An exact restatement of the data is required, with the images omitted.

━━━ Provided data ━━━

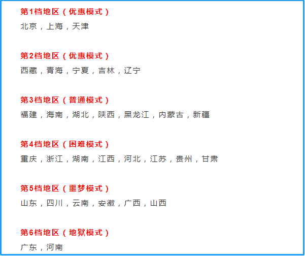 第三檔次被定為“普通模式”,這些地區(qū)的考生經(jīng)歷的高考難度在全國(guó)范圍內(nèi)屬于正常水平,沒(méi)有優(yōu)惠,但是也沒(méi)有過(guò)分的競(jìng)爭(zhēng)壓力。
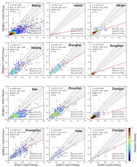 Validation of MERRA-2 AOD (550 nm) with SONET measurements at 12 sites over China. The grey dashed line represents the one-to-one line and EE line. The red solid line represents the linear fitting line.
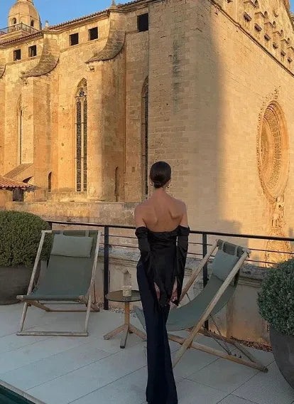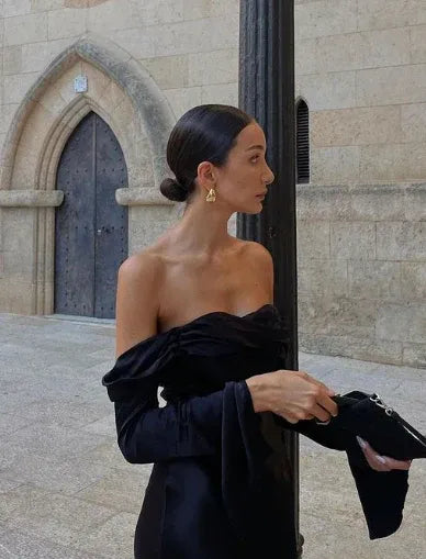 Luxe sheath evening dress blends sleek sophistication with sumptuous texture: crafted from plush black velvet, it features an off-shoulder neckline, dramatic long sleeves (with relaxed drape), a form-fitting bodice, and a floor-length silhouette with a low open back. The velvet’s rich sheen adds timeless elegance, while the open back lends subtle allure.

━━━

Solution to the problem:
 第三檔次被定為“普通模式”,這些地區(qū)的考生經(jīng)歷的高考難度在全國(guó)范圍內(nèi)屬于正常水平,沒(méi)有優(yōu)惠,但是也沒(méi)有過(guò)分的競(jìng)爭(zhēng)壓力。
 Validation of MERRA-2 AOD (550 nm) with SONET measurements at 12 sites over China. The grey dashed line represents the one-to-one line and EE line. The red solid line represents the linear fitting line.
 Luxe sheath evening dress blends sleek sophistication with sumptuous texture: crafted from plush black velvet, it features an off-shoulder neckline, dramatic long sleeves (with relaxed drape), a form-fitting bodice, and a floor-length silhouette with a low open back. The velvet’s rich sheen adds timeless elegance, while the open back lends subtle allure.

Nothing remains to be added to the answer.